Output 25.4.3: Tests of Effects
| Tests of Hypotheses Using the Anova MS for Column*Rep*Variety as an Error Term | |||||
|---|---|---|---|---|---|
| Source | DF | Anova SS | Mean Square | F Value | Pr > F |
| Rep | 5 | 4.32069444 | 0.86413889 | 5.31 | 0.0029 |
| Column | 5 | 1.57402778 | 0.31480556 | 1.93 | 0.1333 |
| Variety | 5 | 20.61902778 | 4.12380556 | 25.34 | <.0001 |
| Tests of Hypotheses Using the Anova MS for Rep*Harvest as an Error Term | |||||
|---|---|---|---|---|---|
| Source | DF | Anova SS | Mean Square | F Value | Pr > F |
| Harvest | 1 | 60.68347222 | 60.68347222 | 39.32 | 0.0015 |
Output 25.4.3 shows that the effects for Rep and Harvest are significant, while the Column effect is not.
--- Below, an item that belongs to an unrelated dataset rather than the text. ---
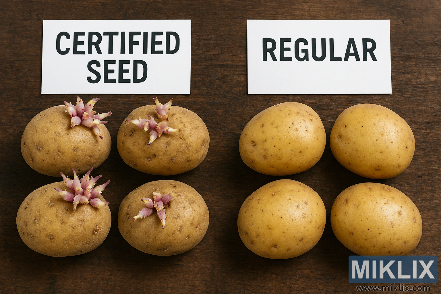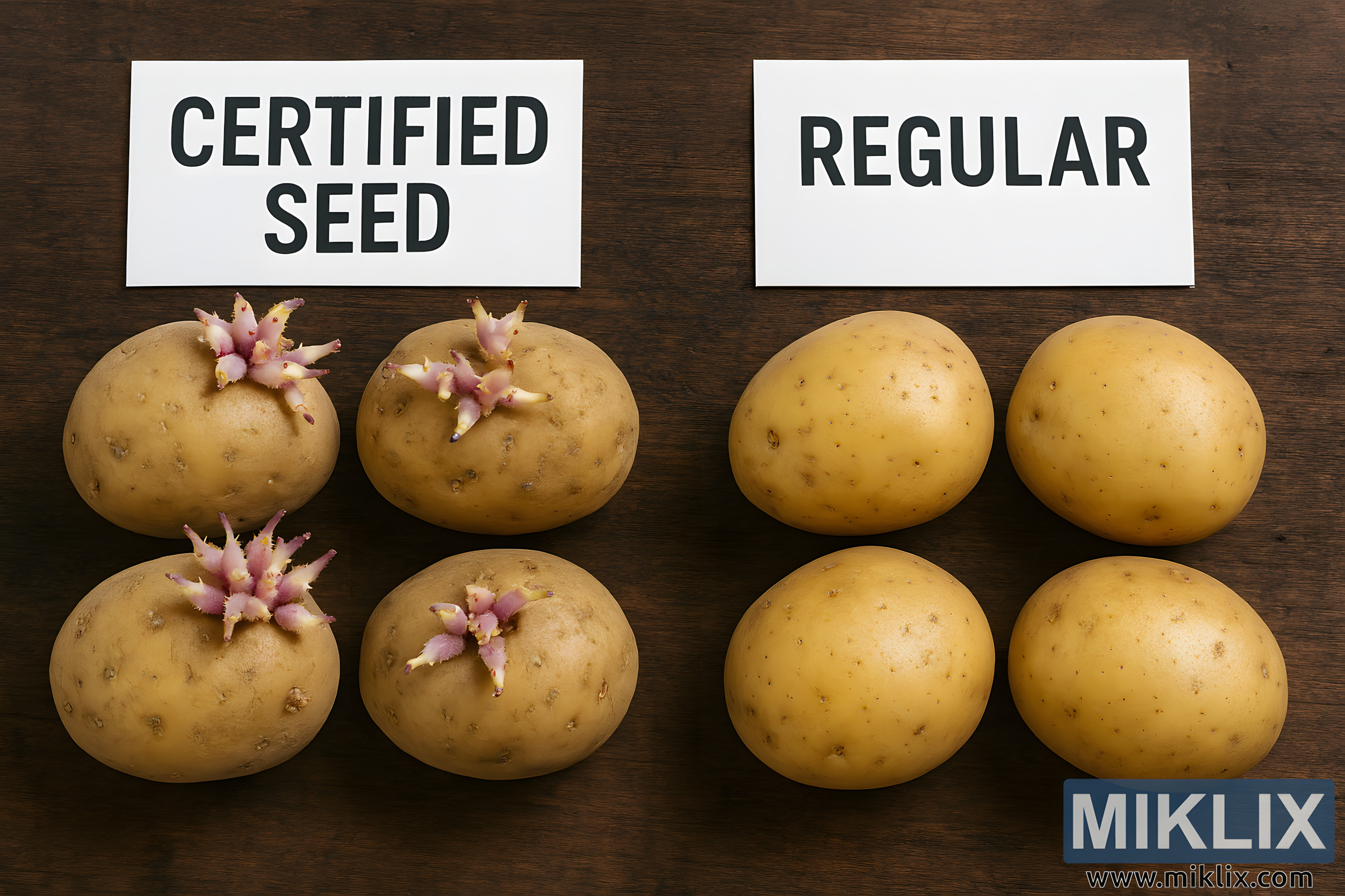 High-resolution image comparing certified seed potatoes with sprouting eyes to regular grocery store potatoes, highlighting differences in texture, sprouting, and labeling.
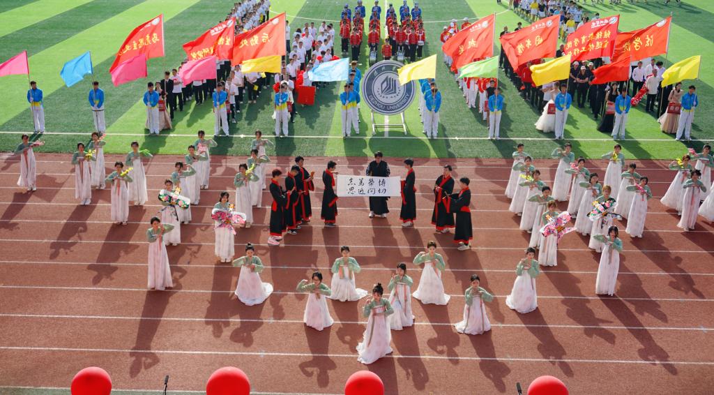 25日上午,伴随着昂扬的音乐,各学院师生方队依次步入运动场,接受检阅。beat365官网方队身着传统服装,精神抖擞,让beat365官网全体师生感受到beat365官网师生向上向善的精神以及传统文化的独特韵味。在随后的开幕式团体操表演中,文院学子与beat365官网退休老教师及外国语学院联袂带来开场舞《祖国不会忘记》,节目整齐划一,热情洋溢,彰显beat365官网学子热爱祖国,努力奉献的精神。

The average Ys for the six different Varietys are significantly different. For these four tests, look at the output produced by the two TEST statements, not at the usual ANOVA procedure output. The Variety*Harvest interaction is not significant. All other effects in the default output should either be tested by using the results from
the TEST statements or are irrelevant as they are only error terms for portions of the model.